The battery charger and the charging stand according to the present invention include a load impedance changing circuit 62 in which a modulation circuit 61 is connected in parallel with the power receiving coil 51, and a modulation capacitor 63 and a modulation switch 64 are connected in series. And a control circuit 65 for switching the modulation switch 64 of the load impedance changing circuit 62 on and off. The control circuit 65 can switch the modulation switch 64 on and off and transmit the modulation signal to the charging base 10.
In the above circuit configuration, since the modulation capacitor is connected to the output side to change the load impedance of the power receiving coil, the load impedance of the power receiving coil is changed without consuming power by the modulation capacitor. The modulation signal can be transmitted from the battery to the charging stand.

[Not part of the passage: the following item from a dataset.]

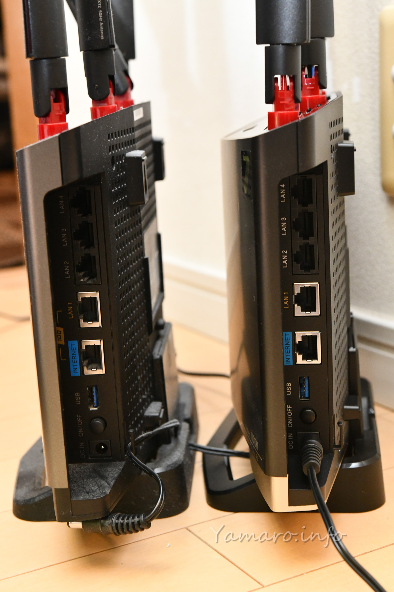細かい点での違いは、付属のACアダプタが、5950AX2ではACコード別体のACアダプタで長さがあったのに対し、18000BE10PはACコードなしの直付けタイプになったため、全体としてコードの長さが短くなっています。なるべく高いところに設置したい無線AN機器としてはちょっと短いため、延長コードを併用しました。

The battery charger and the charging stand according to the present invention include a detection circuit 17 in which the charging stand 10 detects a change in the load impedance of the power receiving coil 51 changed by the modulation circuit 61 via the power transmission coil 11 to detect a modulation signal. Can be provided.
According to the above circuit configuration, a change in the load impedance of the power receiving coil that is changed by the modulation circuit can be reliably detected as a modulation signal by the detection circuit of the charging stand via the power transmission coil.

  In the battery charger and charging stand of the present invention, the modulation signal transmitted to the charging stand 10 by the modulation circuit 61 is such that the voltage of the battery 45 being charged, the charging current, the battery temperature, the serial number, and the battery 45 The allowable charging current for specifying the charging current, the allowable temperature for controlling the charging of the battery 45, and either the output voltage or the output current of the battery charger 70 can be included.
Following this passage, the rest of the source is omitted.